Challenges and Solutions

Compatibility issues across systems

One significant compatibility issue arises in version control systems like Git, which has normalized line endings to LF in repositories since its initial release in 2005. This normalization ensures a consistent internal representation, but during checkout, Git's configuration options—such as core.autocrlf or core.eol—can convert files to CRLF on Windows systems while leaving them as LF on Unix-like systems, resulting in divergent file contents across developer machines and potential merge conflicts if configurations vary.^[42] In email systems, the Internet Message Format standard requires CRLF for line breaks in both headers and body content to ensure proper parsing. However, transmissions from Unix-based systems often used LF alone, or mixed conventions occurred due to incomplete conversions, leading to garbled text displays such as overlaid lines or unrendered breaks, a frequent problem in cross-operating system communications during the 1990s when email protocols were maturing.^[43] Database storage in systems like MySQL exacerbates issues because TEXT fields store raw bytes without automatic normalization, preserving whatever line ending sequence was inserted—such as CRLF from Windows applications. When this data is retrieved and displayed on a Unix-based client or web application, the extra CR may appear as visible artifacts (e.g., ^M characters) or cause unintended line wrapping, disrupting readability in cross-platform environments.^[44] Cloud file syncing services, including Dropbox and iCloud, sync files byte-for-byte without altering line endings, allowing platform-specific conventions (e.g., LF on macOS versus CRLF on Windows) to propagate inconsistencies in shared text documents.

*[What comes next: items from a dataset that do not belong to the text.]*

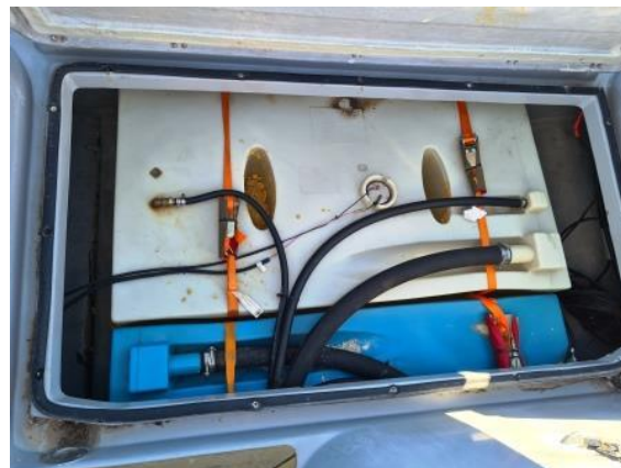
16. Tankovi vode i goriva – nisu ispitani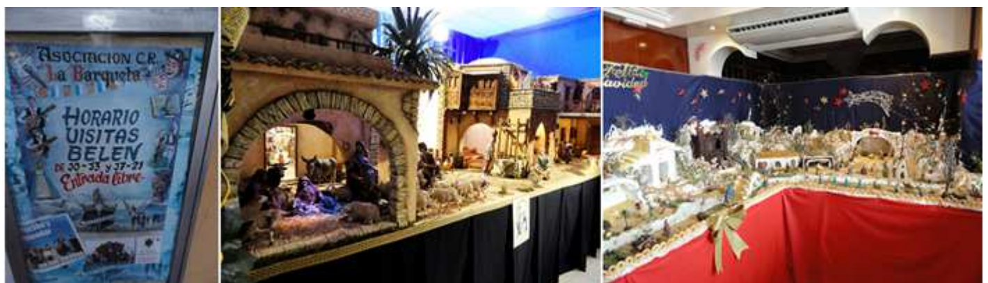
❽ Cartel horario visitas de la Asociación La Barqueta. ❾ Belén Asociación La Marina. Ⓤ Belén Hotel Cristal.

Con estos belenes ponemos punto a otro tipo de visitas que se pueden realizar sobre todo en horario vespertino.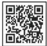
トライアル雇用制度 (求職者用)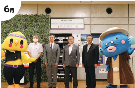
6月 中央学院大学に市の情報発信コーナー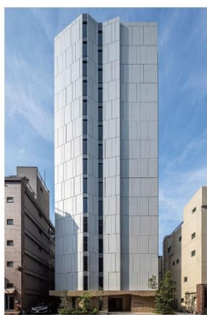
ライオンズフォーシア浅草橋 (2022年3月竣工)

「ライオンズフォーシア」は、2007年より展開する、分譲マンションの開発で培ったノウハウを活用した大京の賃貸マンションブランドです。これまで東京・神奈川・大阪・広島で24棟の開発実績（本物件含む）があり、各地の都心で働く20代～40代のシングルや共働きのご夫婦、小さなお子さまのいるご家族を中心にご入居いただいています。外観デザインはホテルや商業施設のトレンドを取り入れながら一棟一棟のデザインにこだわり、間取りは都心の賃貸居住者の生活ニーズに対応した多彩なプランを企画しています。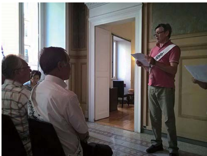
آقای سالواتوره تجربه‌ی معنوی‌اش را در مراسمی در طی برنامه‌ی تبادل اعضا با دیگران سهیم می‌شود که توسط بخش‌های توکیو غربی و تاما و ریشو کوسی - کایی در رم برگزار شد.

در ریشو کوسی - کایی می‌توانستم خاستگاه‌های آیین بودا را بدون هیچ اضافات نالازمی مشاهده کنم. پیام مستقیم بودا را بدون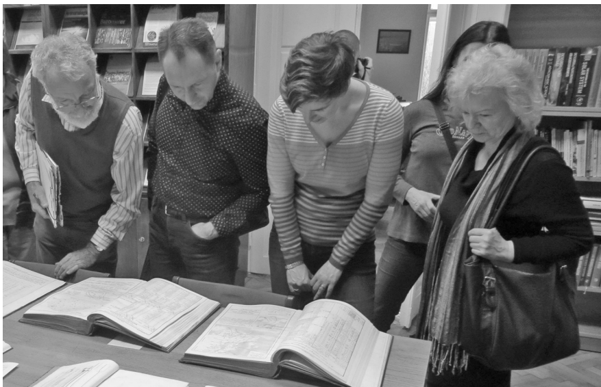
Csoportunk tagjai az Országos Meteorológiai Szolgálat könyvtárában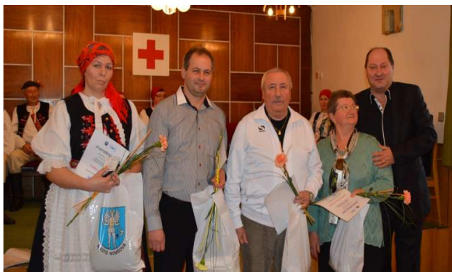
Odovzdávanie plaket dobrovoľným darcom krvi

Na výročnom zhromaždení členov v Kultúrnom stredisku Ľuborča dňa 19.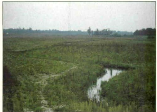
Abb. 5: Beginn der Regeneration durch Samenflug noch im selben Jahr: vorherrschend sind noch Ruderalelemente wie Disteln, aber auch Keimung von Weiden (September 1984).

worden ist. Ein Auftrag von Humus, Sand, Schlamm oder anderem Feinmaterial sei, so die Auskunft, nirgendwo erfolgt.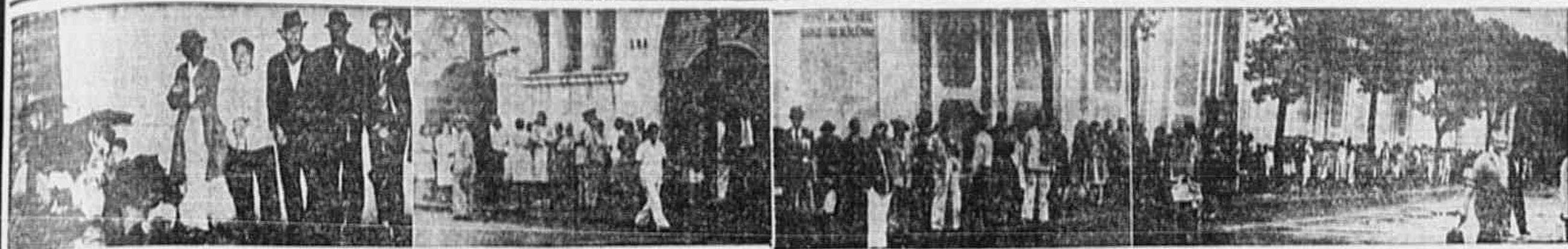
Um grupo de pessoas que estão fixados nos clichês acima, são do mesmo local, em diferentes horas; o mercadinho da rua Elpidio Bonfim, quase na esquina da rua Figueira de Melo. Na primeira fotografia, feita às 3 horas da madrugada de ontem, inicia-se a fila, e depois de gestos, homens, mulheres e crianças, abrigam-se sob guarda-chuvas, preparando-se para longa e injustificada espera, garantindo uma "boa posição" que lhes permitirá ser dos primeiros a ser atendidos quando se abrir o mercadinho. Os seguintes quadros foram tomados às 5, 5:30 e 6 horas da manhã. A fila cresce cada vez mais. Na última, ela se estende pela rua Figueira de Melo até Francisco Eugênio e ainda prossegue por esta rua. Fila enorme, de centenas de pessoas, que aguardam impacientes a hora em que se abra o mercadinho. Às 6:30, as portas estavam ainda fechadas. Há protestos, queixas, reclamações. Vários populares foram à reportagem da TRIBUNA POPULAR; "isto não pode continuar assim! Muitos de nós não tinham tempo nem para repousar um pouco em casa. Agora, depois de tantas horas na fila, vamos de novo para o "batalhão". E ainda mais não sabemos se haverá banha, se poderemos ler para casa o que necessitamos."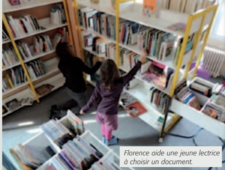
Florence aide une jeune lectrice à choisir un document.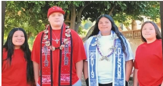
Några av mina släktingar

Detta i sin tur gör att indianer i området har gratis utbildning och hälso- och sjukvård. Luiseno-indianerna finns bara i Kalifornien där de upptäcktes första gången på 1600-talet. De är idag drygt 10 000 personer.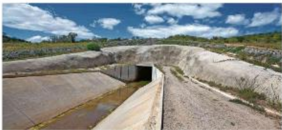
CIDADES PRÓXIMAS AO SÃO FRANCISCO VIVEM RISCO DE FALTA DE ÁGUA EM MEIO À BRIGA POR LEGADO DA TRANSPOSIÇÃO

Deputados gastam em 1 mês recorde de R$ 26 milhões em cotas, diz o ministro do Superior Tribunal de Justiça. O ministro do Superior Tribunal de Justiça, Luiz Fux, afirmou que as empresas envolvidas em um cartel de licitação devem ser condenadas.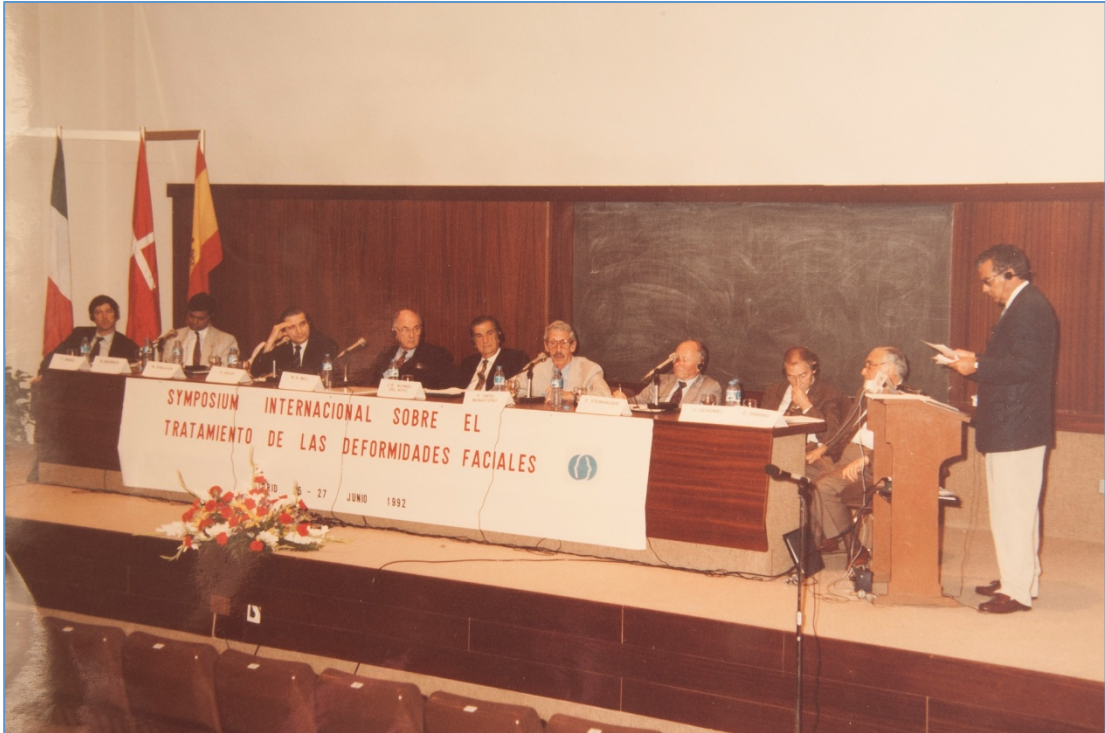
Simposio Internacional sobre Deformidades Faciales – Gran Hospital (1992)

No hubo conflictos ni médicos ni laborales en este periodo.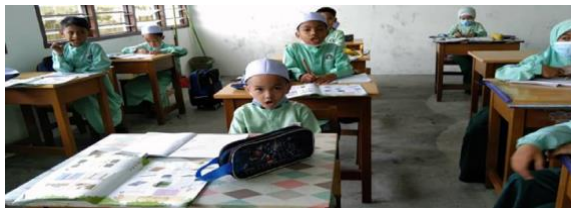
Gambar 2: Ketika pelajar sedang dilatih bertutur

BBM ini amat penting, ini kerana pelajar dilihat lebih berminat jika terdapat kepelbagaian teknik dalam P&P. Pemilihan BBM yang menarik seperti kad kod perkataan Arab juga membantu dalam menarik minat pelajar untuk lebih yakin bertutur dalam bahasa Arab. Kad kod ini perlu bersesuaian dalam waktu P&P supaya pelajar dapat menguasai bahasa Arab sama ada dengan menghafal perkataan atau berdialog antara guru semasa waktu P&P.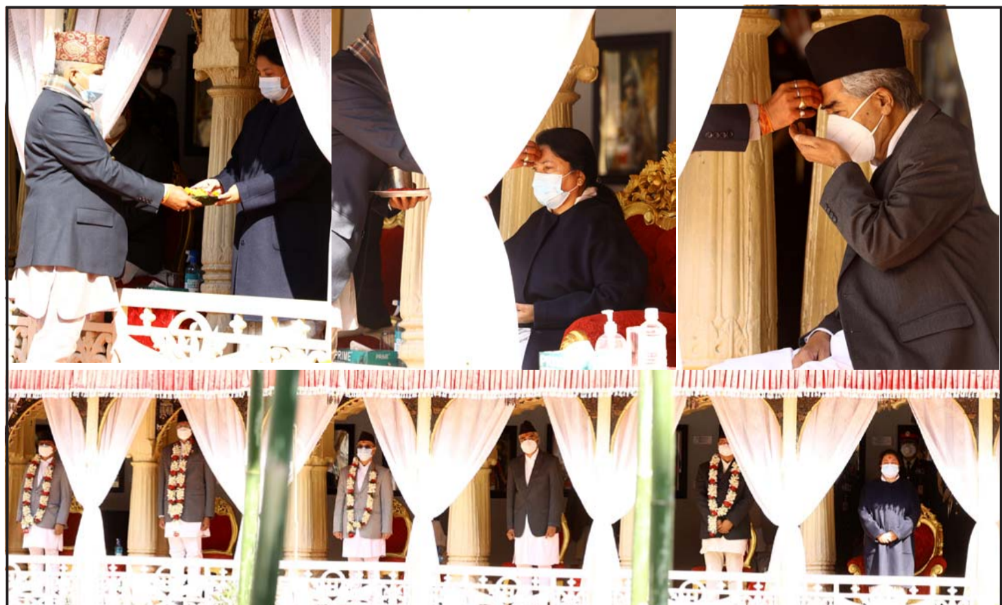
वसन्त पञ्चमीको अवसरमा काठमाडौंको हनुमानढोका दरबारस्थित नासलचोकमा आइतवार आयोजित विशेष समारोहमा (दायाँबाट) राष्ट्रपति विद्यादेवी अण्डारी, उपराष्ट्रपति नन्दबहादुर पुन, प्रधानमन्त्री शेरबहादुर देउवा, प्रधानन्यायाधीश चोलेन्द्र शर्शेर जबरा, सभामुख अजिजप्रसाद सापकोटा र राष्ट्रियसभाका अध्यक्ष ज्ञानेश्वरप्रसाद तिमिल्सिना।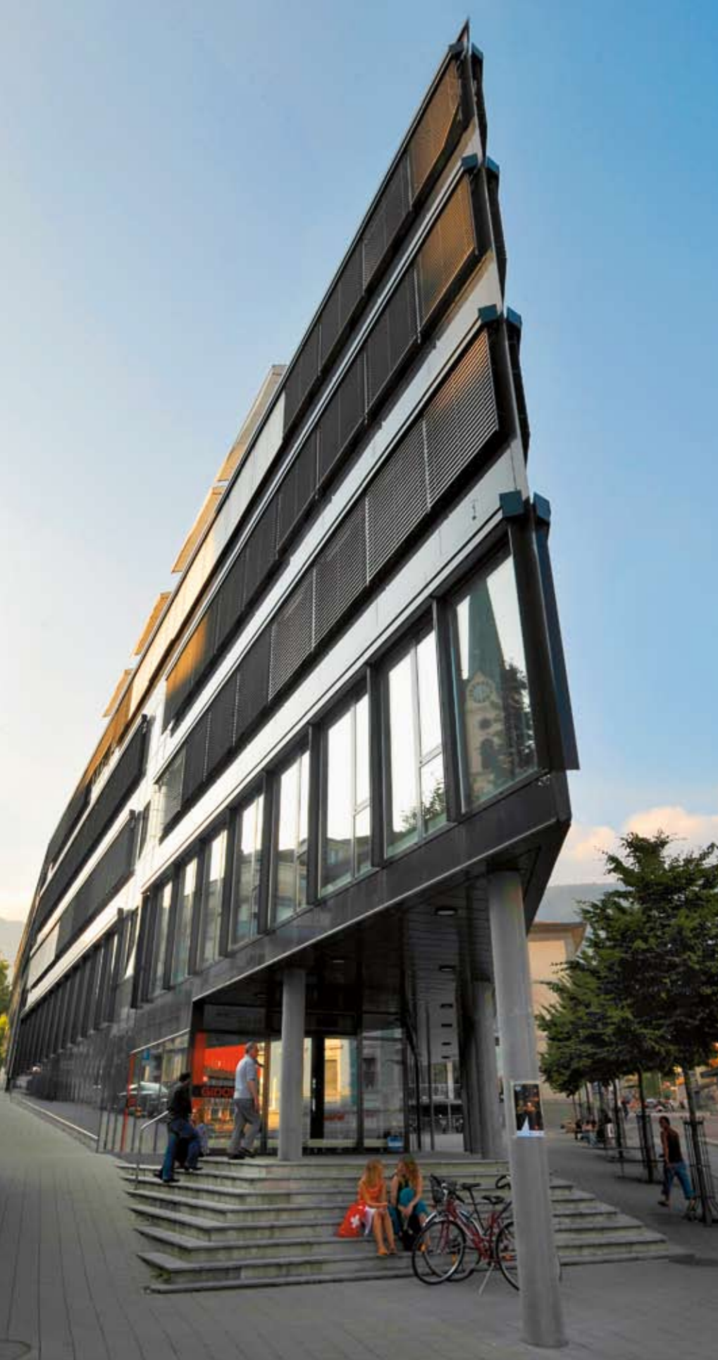
Zugespitzt: Moderne Architektur prägt einen Teil der Innenstadt.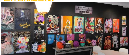
アトリエキース 作品展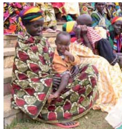
Fière de sa maman !

Propos recueillis par Pierre-Etienne Labeau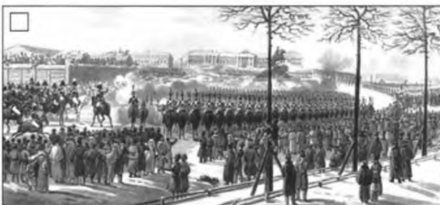
К. Кольман. Восстание декабристов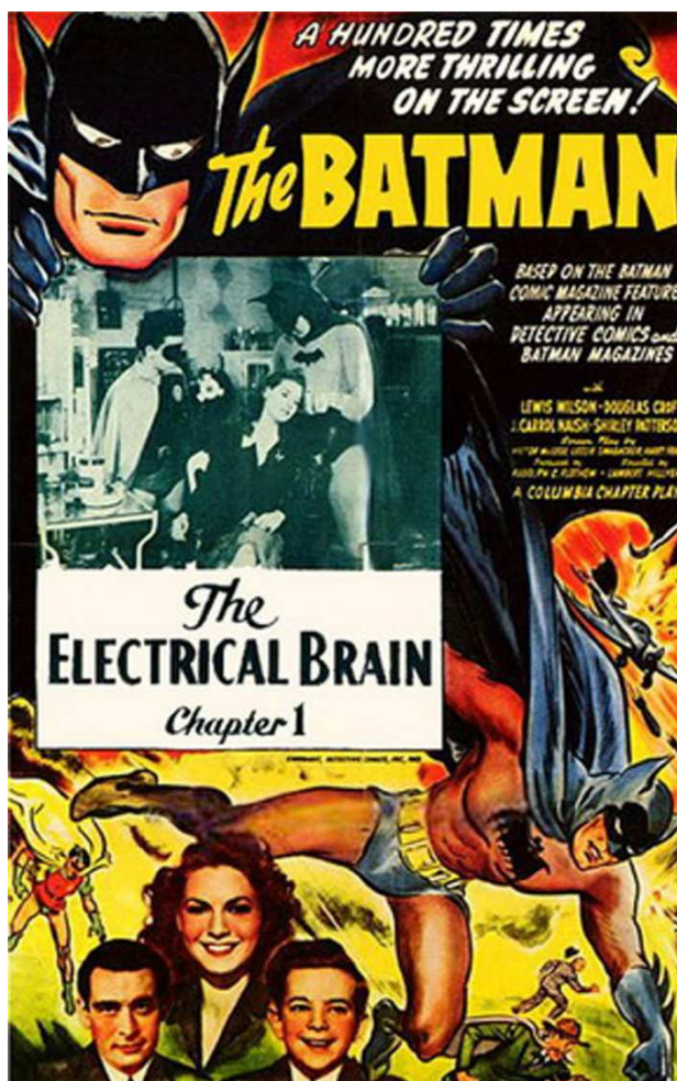
FIG. 2. Cartel del serial Batman (1943).

títulos que más han perdurado en la memoria son los que han tocado el género de manera tangencial: el aún reciente éxito de Smallville (2001-2011) le debía más al formato de la serie juvenil que al superheroico, ya que eran más importantes los diferentes conflictos sentimentales de los personajes que los provenientes de una amenaza externa. Un último ejemplo: la serie The Walking Dead (2010-), convertida en uno de los mayores fenómenos televisivos del momento, no ha tardado en apartarse del camino que emprendiese el cómic original en el que se basa, Los muertos vivientes , despertando las iras de los seguidores de este. Ante esto, queda una pregunta en el aire: ¿qué se busca a la hora de adaptar un cómic? E, inevitablemente, nos surge otra: ¿qué esperan ver en esa misma pantalla los lectores habituales del formato de salida?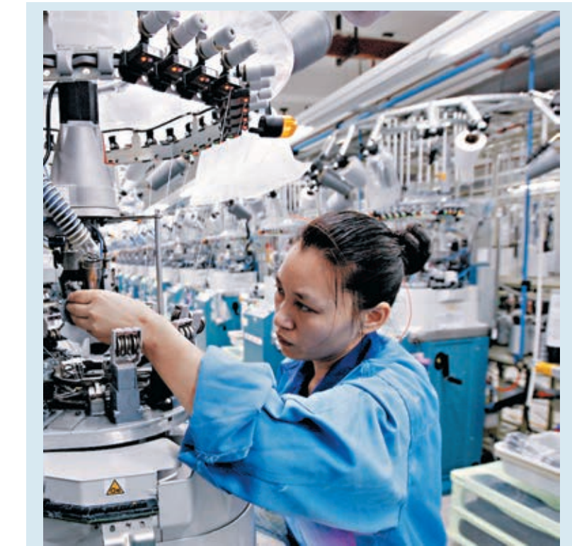
■上月財新中國製造業PMI高於預期, 分項指標顯示, 製造業生產指數、新出口訂單指數再次刷新2011年2月以來的新高, 生產和需求同步強勁恢復。

這預示着在中國領先擺脫疫情、加快復工復產帶來的出口替代效應, 以及防疫物資和高技術品等出口大增的支撐下, 伴隨着海外需求逐漸修復帶動非防疫物資需求增加, 8月份出口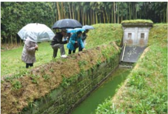
興味深く埼玉鴨場を見学していました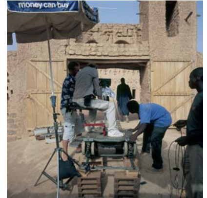
Fantôme Créole Series, 2005 (Mise en scène n°1)

digital print on Epson Premium Photo Glossy, edition of 6, 100 x 100cm © Isaac Julien (IJ 63)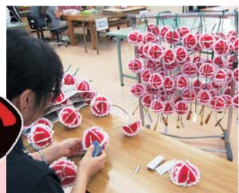
◀軒花が会場を華やかに彩ります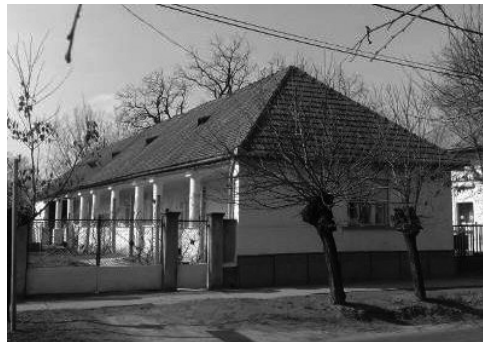
8. Fő út 51. Lakóház (hrsz.: 40)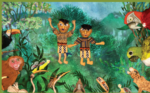
MYTER FRA AMAZONAS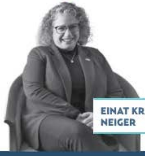
EINAT KRANZ NEIGER

Tras el ataque de Hamas a Israel, el presidente López Obrador mantiene la postura de no tomar partido y se pronunció por un diálogo. Pero sus palabras no fueron bien recibidas por la embajadora de Israel en México, Einat Kranz Neiger , quien, en el programa radiofónico de Sergio y Lupita , expresó: “valoraríamos que México considere una posición que condene de manera contundente los actos bárbaros perpetrados por Hamas”.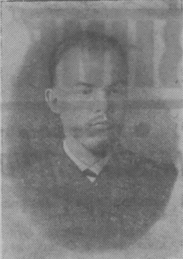
На снимках: фотокопия диплома первой степени, выданного В. И. Ленину Петербургским университетом в январе 1892 года. В. И. Ленин в студенческие годы. Самара, 1890 г.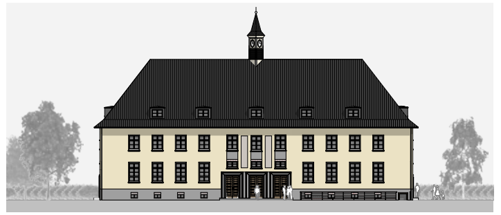
Für die Kita wird das südliche Bestandsgebäude umgebaut

Die neuen WABE-Kita nimmt mit ihrem Konzept der Pädagogik der Achtsamkeit Sprache, Musik und Bewegung in den Fokus. Durch die Angebote, Kurse und Projekte wird die Persönlichkeit jedes Kindes individuell gefördert und gestärkt. Jedes Kind kann sich in seinem eigenen Tempo entwickeln. Mit Funktionsräumen und Lernwerkstätten bietet die WABE-Kita qua-

This resulted in frequent editing and display anomalies for collaborative users until the 2010s, when widespread adoption of normalization tools like Git's .gitattributes files began enforcing consistent LF usage across synced repositories.^[45] In the 2020s, containerization platforms such as Docker have introduced stricter consistency by expecting Unix-style LF endings in all files, including Dockerfiles, shell scripts, and configuration files processed within containers. Since Docker runs on Linux kernels, CRLF sequences from Windows-originated files can cause runtime failures—such as misinterpreted commands due to trailing carriage returns—prompting development teams to standardize on LF to avoid deployment inconsistencies across hybrid environments.^[46]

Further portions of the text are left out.